- **MATERIAL PROVIDED**:
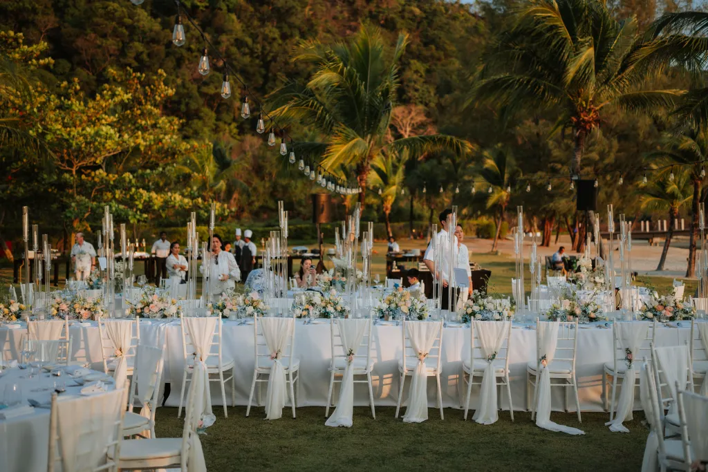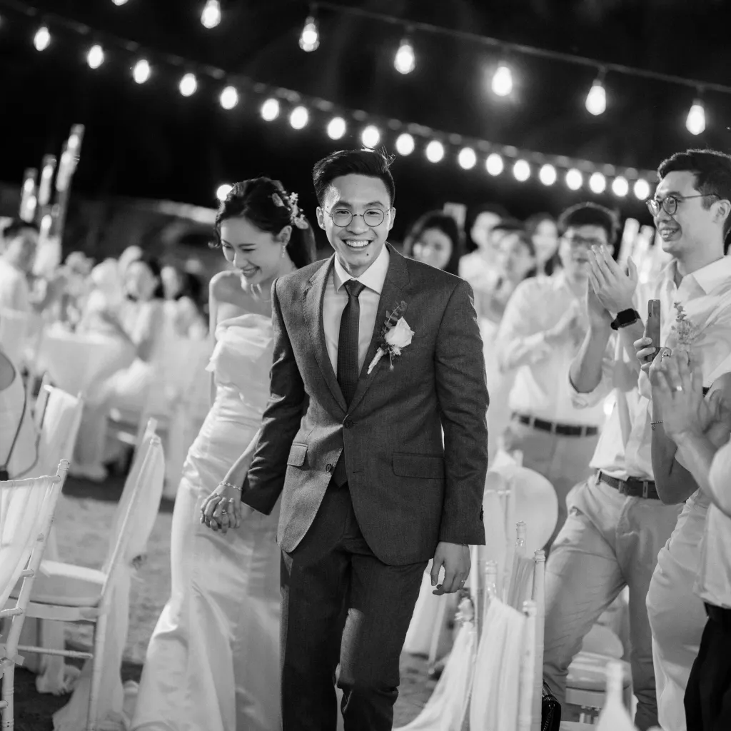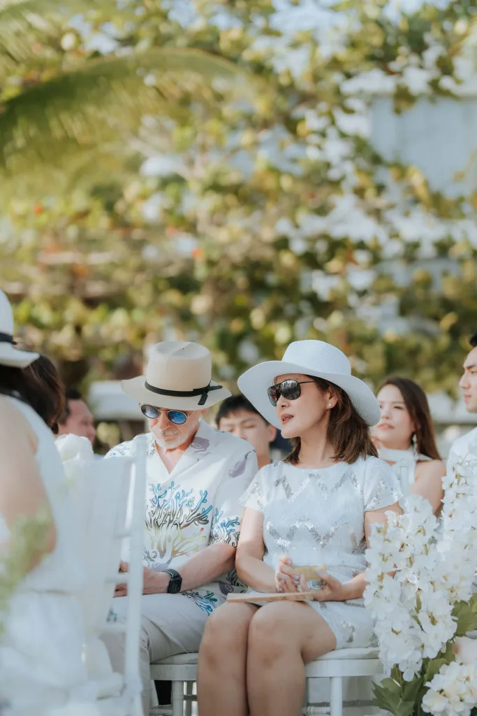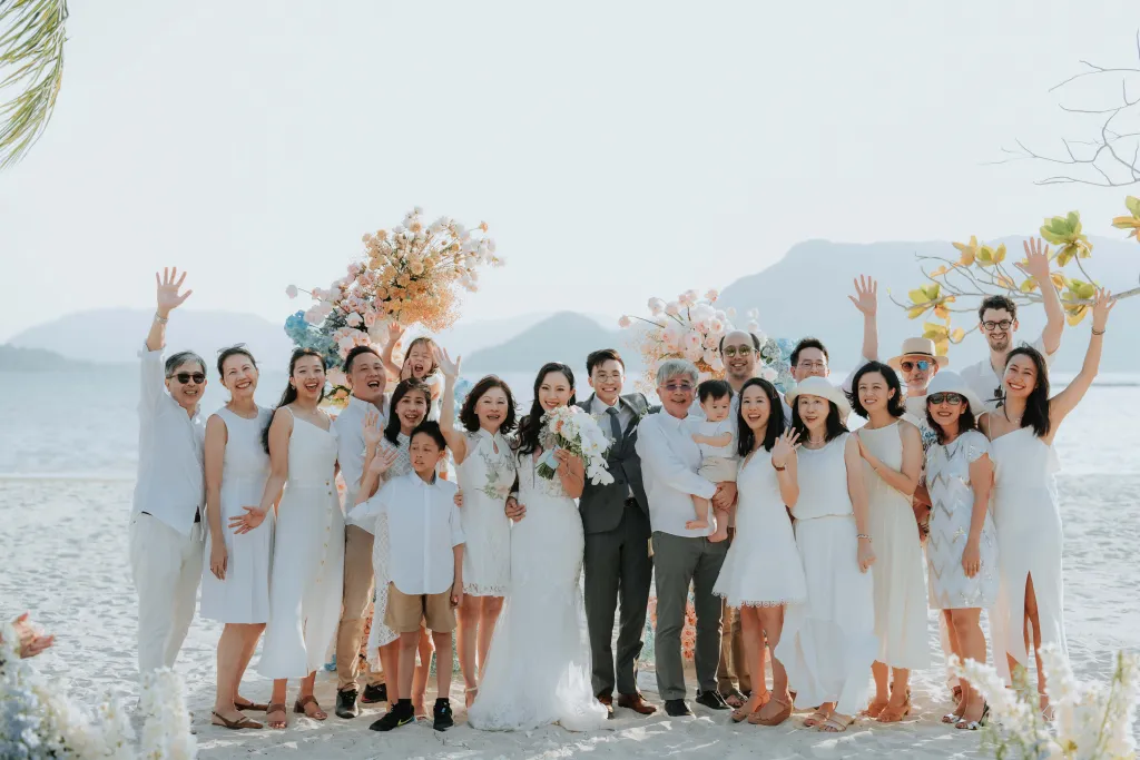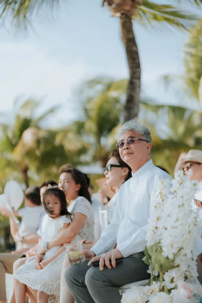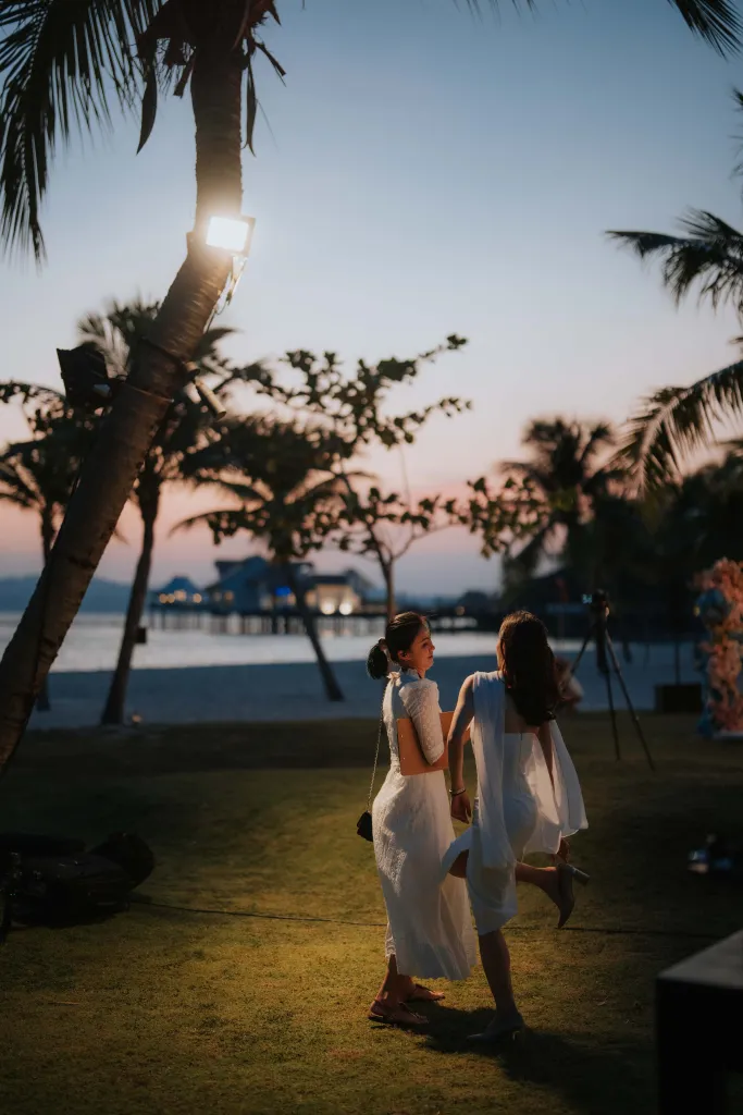 The theme for the day was “resort elegance in white,” a choice that added a touch of sophistication to the beachside ceremony. The day’s events were well planned out: from the morning gate crashing games to the evening vow ceremony and exchange of vows, and finally, the night-time reception dinner. The entire wedding was cherished by the couple as an intimate moment shared with close friends and family. Blessed with beautiful weather, one moment that truly stood out for them was the stunning sunset that cast a romantic glow during their vow ceremony.
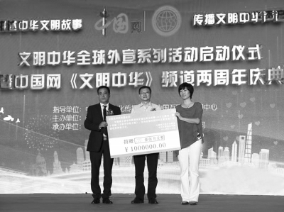 啟動(dòng)儀式上,中國(guó)網(wǎng)文明中華頻道在中國(guó)國(guó)際文化傳播中心和中國(guó)互聯(lián)網(wǎng)新聞中心的指導(dǎo)下,通過(guò)中國(guó)光華科技基金會(huì)捐建“十百千”文明中華圖書(shū)室,即向每個(gè)文明中華圖書(shū)室捐獻(xiàn)十萬(wàn)元圖書(shū)、捐建100個(gè)圖書(shū)室、捐贈(zèng)價(jià)值1千萬(wàn)元的圖書(shū)。本次活動(dòng)現(xiàn)場(chǎng)捐贈(zèng)首批價(jià)值100萬(wàn)元的圖書(shū),用于創(chuàng)建首批10個(gè)文明中華圖書(shū)室。
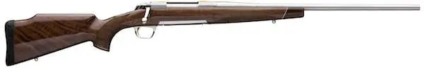 Browning's X-Bolt builds on the proven successes of past Browning rifles, and adds numerous improvements. Its adjustable three-lever Feather Trigger system provides a clean, crisp pull with no take-up. The barrel is free-floated by bedding the front and rear of the action for stability and to help maintain barrel to stock spacing for consistent accuracy. A recessed muzzle crown helps protect the rifling from damage. The bolt unlock button works in conjunction with the top-tang safety to provide an added measure of safety, while the 60 degree bolt lift is fast cycling and allows you to work the bolt quickly. The Medallion model is presented with a fine gloss-finished, checkered walnut stock. Insuring long-range accuracy is the totally free-floated barrel and Feather Trigger System, two of the most critical components of any high-powered hunting rifle. The high-grade Walnut stock with detailed checkering provides classic good looks. Rosewood caps on the fore-end and grip offer additional elegance.
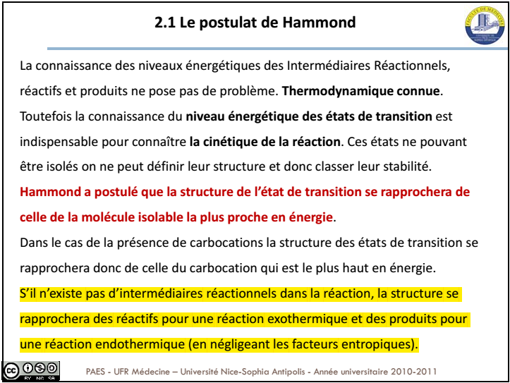 Guillaume.M a écrit:par conséquent 2 eme question , si j'ai bien compris le dernier du cours du prof le postulat de Hammond permet de comparer les états de transitions entre eux en les rapprochants de l'intermédiaire réactionnels le plus proche en énergie , mais du coup il ne s'applique pas dans le cas d'une SN2 puisqu'il n y a pas d'intermédiaire réactionnel ? ( pourtant on à quand même un état de transition mais bon.. ça me parait bizarre ! )

- **ABOUT THIS TASK**: Give back the material above exactly, but without its images.

- **RESPONSE TO THE TASK**:
 The theme for the day was “resort elegance in white,” a choice that added a touch of sophistication to the beachside ceremony. The day’s events were well planned out: from the morning gate crashing games to the evening vow ceremony and exchange of vows, and finally, the night-time reception dinner. The entire wedding was cherished by the couple as an intimate moment shared with close friends and family. Blessed with beautiful weather, one moment that truly stood out for them was the stunning sunset that cast a romantic glow during their vow ceremony.
 啟動(dòng)儀式上,中國(guó)網(wǎng)文明中華頻道在中國(guó)國(guó)際文化傳播中心和中國(guó)互聯(lián)網(wǎng)新聞中心的指導(dǎo)下,通過(guò)中國(guó)光華科技基金會(huì)捐建“十百千”文明中華圖書(shū)室,即向每個(gè)文明中華圖書(shū)室捐獻(xiàn)十萬(wàn)元圖書(shū)、捐建100個(gè)圖書(shū)室、捐贈(zèng)價(jià)值1千萬(wàn)元的圖書(shū)。本次活動(dòng)現(xiàn)場(chǎng)捐贈(zèng)首批價(jià)值100萬(wàn)元的圖書(shū),用于創(chuàng)建首批10個(gè)文明中華圖書(shū)室。
 Browning's X-Bolt builds on the proven successes of past Browning rifles, and adds numerous improvements. Its adjustable three-lever Feather Trigger system provides a clean, crisp pull with no take-up. The barrel is free-floated by bedding the front and rear of the action for stability and to help maintain barrel to stock spacing for consistent accuracy. A recessed muzzle crown helps protect the rifling from damage. The bolt unlock button works in conjunction with the top-tang safety to provide an added measure of safety, while the 60 degree bolt lift is fast cycling and allows you to work the bolt quickly. The Medallion model is presented with a fine gloss-finished, checkered walnut stock. Insuring long-range accuracy is the totally free-floated barrel and Feather Trigger System, two of the most critical components of any high-powered hunting rifle. The high-grade Walnut stock with detailed checkering provides classic good looks. Rosewood caps on the fore-end and grip offer additional elegance.
 Guillaume.M a écrit:par conséquent 2 eme question , si j'ai bien compris le dernier du cours du prof le postulat de Hammond permet de comparer les états de transitions entre eux en les rapprochants de l'intermédiaire réactionnels le plus proche en énergie , mais du coup il ne s'applique pas dans le cas d'une SN2 puisqu'il n y a pas d'intermédiaire réactionnel ? ( pourtant on à quand même un état de transition mais bon.. ça me parait bizarre ! )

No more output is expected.